MATERIAL SHOWN:
^^^^
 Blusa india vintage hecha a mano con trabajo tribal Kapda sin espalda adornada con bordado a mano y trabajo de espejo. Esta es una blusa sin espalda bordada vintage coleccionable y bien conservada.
^^^^
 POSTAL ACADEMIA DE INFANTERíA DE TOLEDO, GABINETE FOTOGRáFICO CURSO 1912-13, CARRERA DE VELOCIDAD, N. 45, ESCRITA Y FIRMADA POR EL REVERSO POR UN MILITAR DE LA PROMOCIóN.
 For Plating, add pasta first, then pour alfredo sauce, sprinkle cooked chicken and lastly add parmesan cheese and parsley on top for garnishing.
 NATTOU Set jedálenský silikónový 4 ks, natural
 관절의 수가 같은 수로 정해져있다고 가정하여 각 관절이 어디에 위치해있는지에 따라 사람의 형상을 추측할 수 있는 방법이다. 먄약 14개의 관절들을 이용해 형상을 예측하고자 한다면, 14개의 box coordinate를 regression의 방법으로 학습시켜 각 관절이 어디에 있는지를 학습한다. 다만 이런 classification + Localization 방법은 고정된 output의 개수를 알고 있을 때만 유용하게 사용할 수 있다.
^^^^
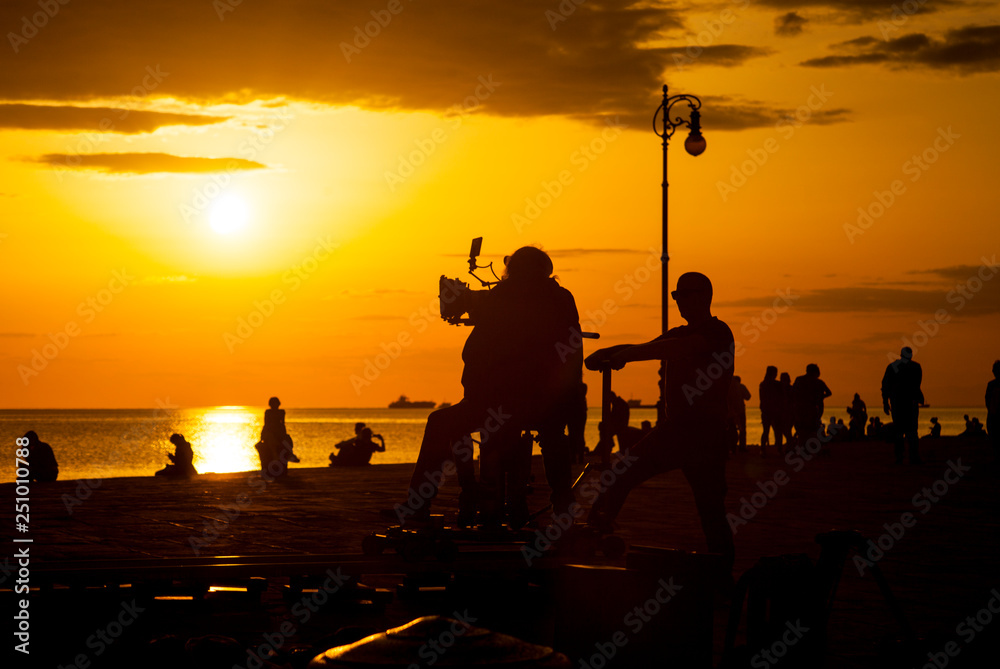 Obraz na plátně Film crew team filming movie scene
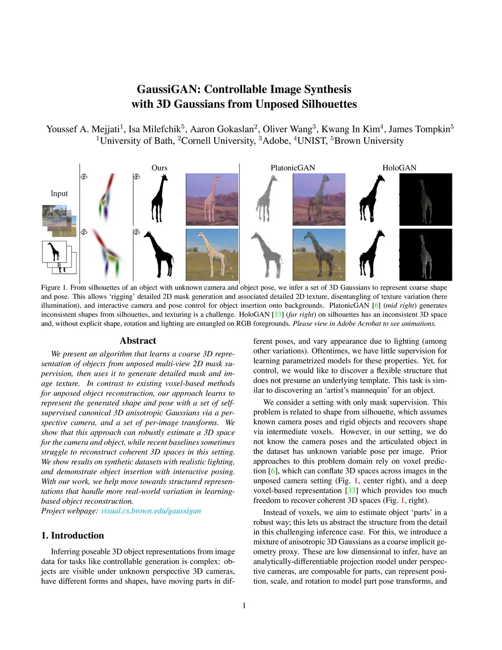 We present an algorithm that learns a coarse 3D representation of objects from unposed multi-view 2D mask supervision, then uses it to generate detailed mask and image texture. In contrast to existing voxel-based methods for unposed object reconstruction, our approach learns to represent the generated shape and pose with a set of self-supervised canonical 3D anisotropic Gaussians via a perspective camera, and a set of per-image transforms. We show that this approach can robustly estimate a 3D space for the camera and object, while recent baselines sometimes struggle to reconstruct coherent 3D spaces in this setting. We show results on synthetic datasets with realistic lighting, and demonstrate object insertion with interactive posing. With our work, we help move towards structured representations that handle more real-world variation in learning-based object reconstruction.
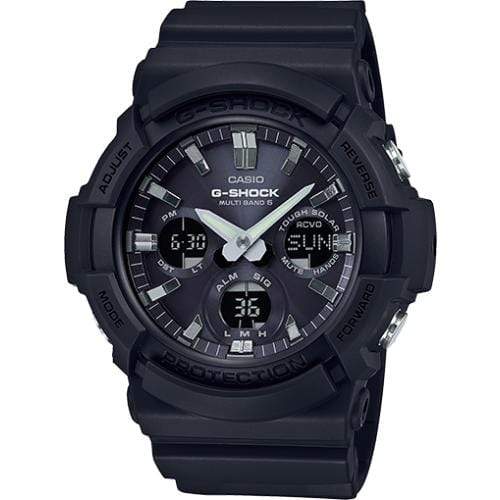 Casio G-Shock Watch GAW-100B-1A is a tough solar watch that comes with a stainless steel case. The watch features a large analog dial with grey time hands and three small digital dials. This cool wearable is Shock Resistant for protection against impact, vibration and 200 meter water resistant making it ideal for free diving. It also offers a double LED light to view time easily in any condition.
^^^^
ABOUT THIS EXERCISE:
Reproduce, character for character, only the lines of the preceding data that start at the line with "For Plating, add" and end at the line with "관절의 수가 같은 수로", both included.

ANSWER SPACE:
 For Plating, add pasta first, then pour alfredo sauce, sprinkle cooked chicken and lastly add parmesan cheese and parsley on top for garnishing.
 NATTOU Set jedálenský silikónový 4 ks, natural
 관절의 수가 같은 수로 정해져있다고 가정하여 각 관절이 어디에 위치해있는지에 따라 사람의 형상을 추측할 수 있는 방법이다. 먄약 14개의 관절들을 이용해 형상을 예측하고자 한다면, 14개의 box coordinate를 regression의 방법으로 학습시켜 각 관절이 어디에 있는지를 학습한다. 다만 이런 classification + Localization 방법은 고정된 output의 개수를 알고 있을 때만 유용하게 사용할 수 있다.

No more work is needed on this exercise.